– Пи-ить, – шевельнул я пересохшими губами. В них ткнулось что-то прохладное, и лама Уваата довольно зачмокал. Как в далеком младенчестве. Затем с трудом открыл глаза, кругом была муть, вскоре рассеявшаяся.
– Где я?
– Среди друзей, уважаемый гуру Уваата, – проворковал чей-то голос, и я увидел сидящего рядом на стуле мужика в круглых очках и наброшенном на плечи белом халате. Рядом с ним стояла средних лет женщина-врач.

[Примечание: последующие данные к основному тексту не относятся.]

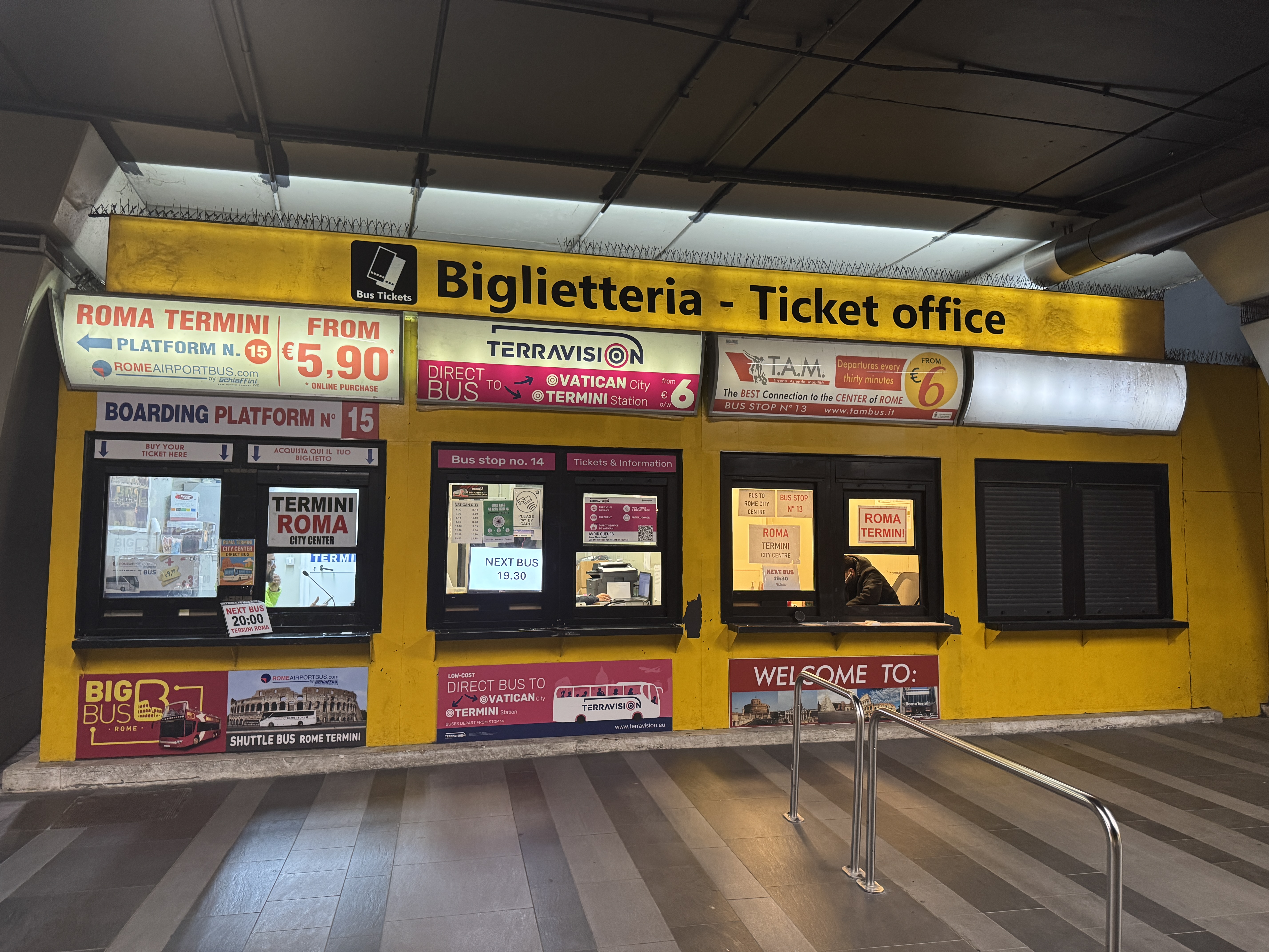 로마공항에서 시내로가는 버스는 아래와 같이 보통 3개 회사가 많이 사용되는 듯하다. 우리의 경우 짐나오길 기다리면서 terravision 웹페이지에서 온라인으로 결제했다. 겨울 비성수기에는 오프라인 창구에서 출발시간보고 빠른거 먼저 결제해도 충분한듯했다.

С фонендоскопом на шее и поилкой.
– Я инструктор ЦК Компартии Китая Лю Цин, – оскалил зубы очкастый. – Как вы себя чувствуете?
– Вашими молитвами, – буркнул я, с трудом подняв руку и пощупав голову. Она была забинтована.
Пальцы наткнулись на нос, там хрустнуло. Не иначе, был сломан.
«Гребаные китайцы», – подумал я, а вслух поинтересовался:
– Сколько я здесь? В этой палате.
– Девятые сутки, – ответила врач, осторожно поставив поилку на прикроватную тумбочку.
– А как в Бангкоке? – взглянул я на инструктора.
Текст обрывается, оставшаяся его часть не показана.